[PROBLEM DETAILS] Every line from the one with "Then wait. Wait" up to and including the one with "MIESZKANIE na WYNAJEM" is to be output exactly as it appears below; pictures are not.

[DATA FOR THE TASK]
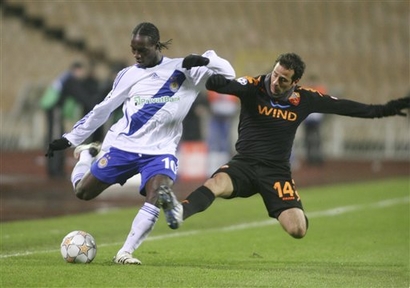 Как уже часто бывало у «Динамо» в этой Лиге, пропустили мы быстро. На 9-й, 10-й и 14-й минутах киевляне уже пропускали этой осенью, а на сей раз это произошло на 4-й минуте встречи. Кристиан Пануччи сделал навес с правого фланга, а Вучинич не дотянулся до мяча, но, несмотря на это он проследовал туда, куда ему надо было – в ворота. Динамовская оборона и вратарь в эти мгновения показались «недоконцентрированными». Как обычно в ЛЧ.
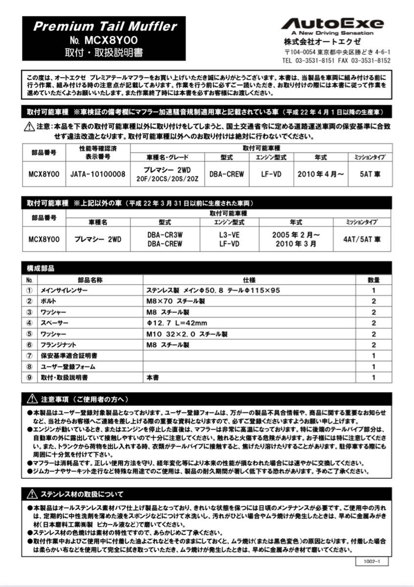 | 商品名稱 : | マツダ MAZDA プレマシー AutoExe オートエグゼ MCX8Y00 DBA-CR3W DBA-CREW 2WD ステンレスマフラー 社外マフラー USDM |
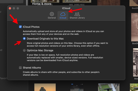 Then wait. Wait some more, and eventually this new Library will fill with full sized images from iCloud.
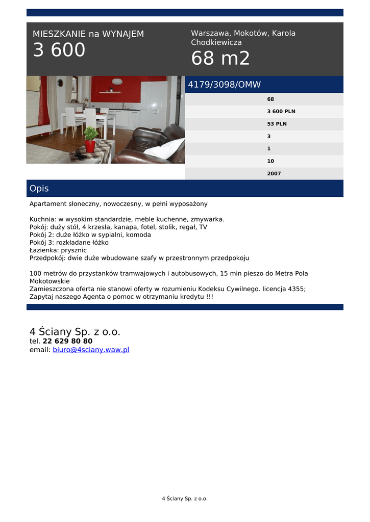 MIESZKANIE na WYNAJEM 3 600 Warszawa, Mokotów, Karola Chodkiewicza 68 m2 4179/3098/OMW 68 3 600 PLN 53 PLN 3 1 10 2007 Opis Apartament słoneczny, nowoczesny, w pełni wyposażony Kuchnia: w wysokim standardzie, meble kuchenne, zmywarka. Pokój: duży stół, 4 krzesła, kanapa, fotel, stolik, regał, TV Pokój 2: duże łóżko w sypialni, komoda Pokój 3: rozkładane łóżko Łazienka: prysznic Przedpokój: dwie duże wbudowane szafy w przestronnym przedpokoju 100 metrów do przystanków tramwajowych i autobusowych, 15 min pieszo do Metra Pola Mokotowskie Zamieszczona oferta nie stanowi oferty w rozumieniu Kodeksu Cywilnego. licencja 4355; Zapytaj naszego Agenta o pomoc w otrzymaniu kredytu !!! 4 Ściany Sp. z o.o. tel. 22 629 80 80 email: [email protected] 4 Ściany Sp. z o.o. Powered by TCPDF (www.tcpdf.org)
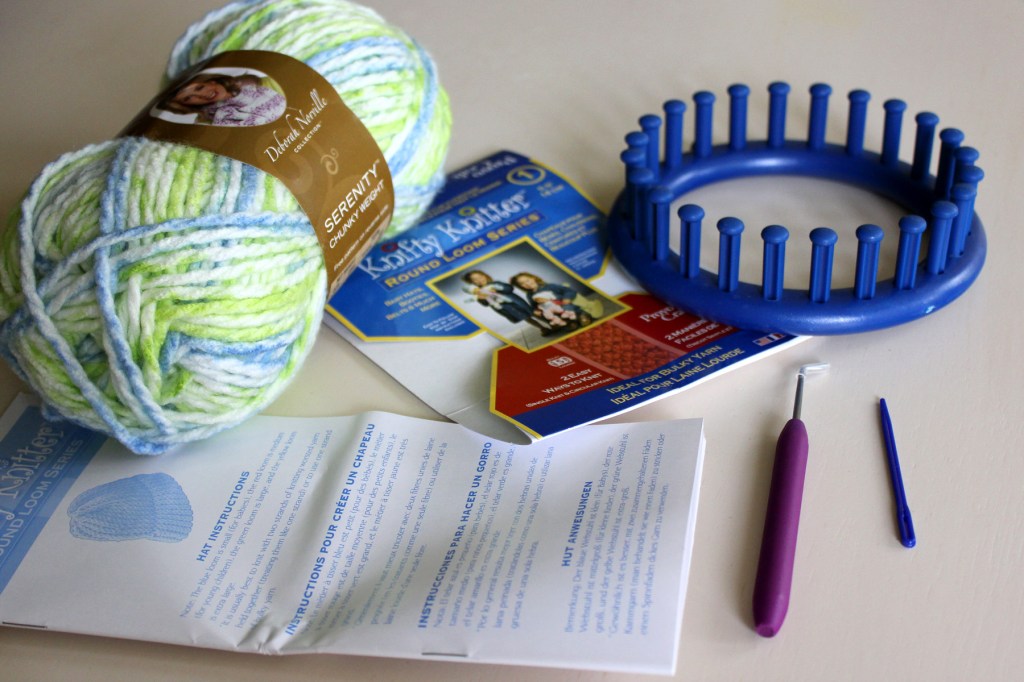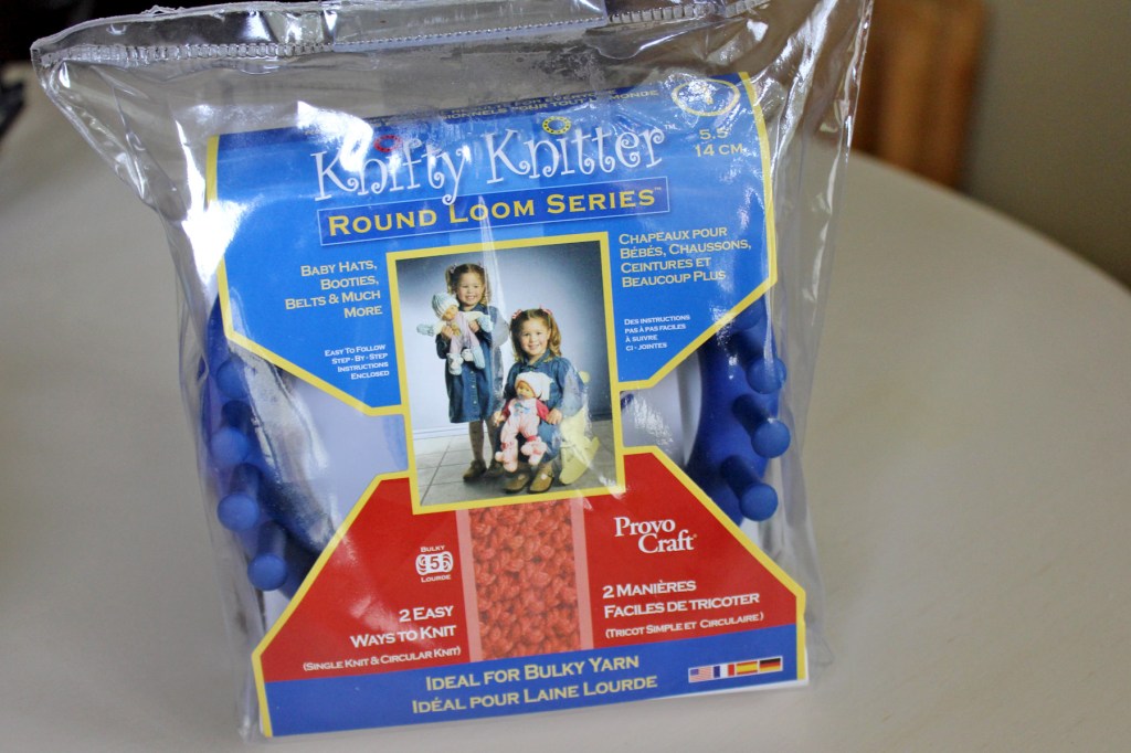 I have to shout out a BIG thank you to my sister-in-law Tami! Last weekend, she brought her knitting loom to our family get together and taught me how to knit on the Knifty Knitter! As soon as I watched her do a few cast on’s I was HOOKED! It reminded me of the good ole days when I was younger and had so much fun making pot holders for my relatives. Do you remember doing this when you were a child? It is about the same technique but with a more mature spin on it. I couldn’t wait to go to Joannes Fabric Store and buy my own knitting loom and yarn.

[FINISHED EXERCISE]
 Then wait. Wait some more, and eventually this new Library will fill with full sized images from iCloud.
 MIESZKANIE na WYNAJEM 3 600 Warszawa, Mokotów, Karola Chodkiewicza 68 m2 4179/3098/OMW 68 3 600 PLN 53 PLN 3 1 10 2007 Opis Apartament słoneczny, nowoczesny, w pełni wyposażony Kuchnia: w wysokim standardzie, meble kuchenne, zmywarka. Pokój: duży stół, 4 krzesła, kanapa, fotel, stolik, regał, TV Pokój 2: duże łóżko w sypialni, komoda Pokój 3: rozkładane łóżko Łazienka: prysznic Przedpokój: dwie duże wbudowane szafy w przestronnym przedpokoju 100 metrów do przystanków tramwajowych i autobusowych, 15 min pieszo do Metra Pola Mokotowskie Zamieszczona oferta nie stanowi oferty w rozumieniu Kodeksu Cywilnego. licencja 4355; Zapytaj naszego Agenta o pomoc w otrzymaniu kredytu !!! 4 Ściany Sp. z o.o. tel. 22 629 80 80 email: [email protected] 4 Ściany Sp. z o.o. Powered by TCPDF (www.tcpdf.org)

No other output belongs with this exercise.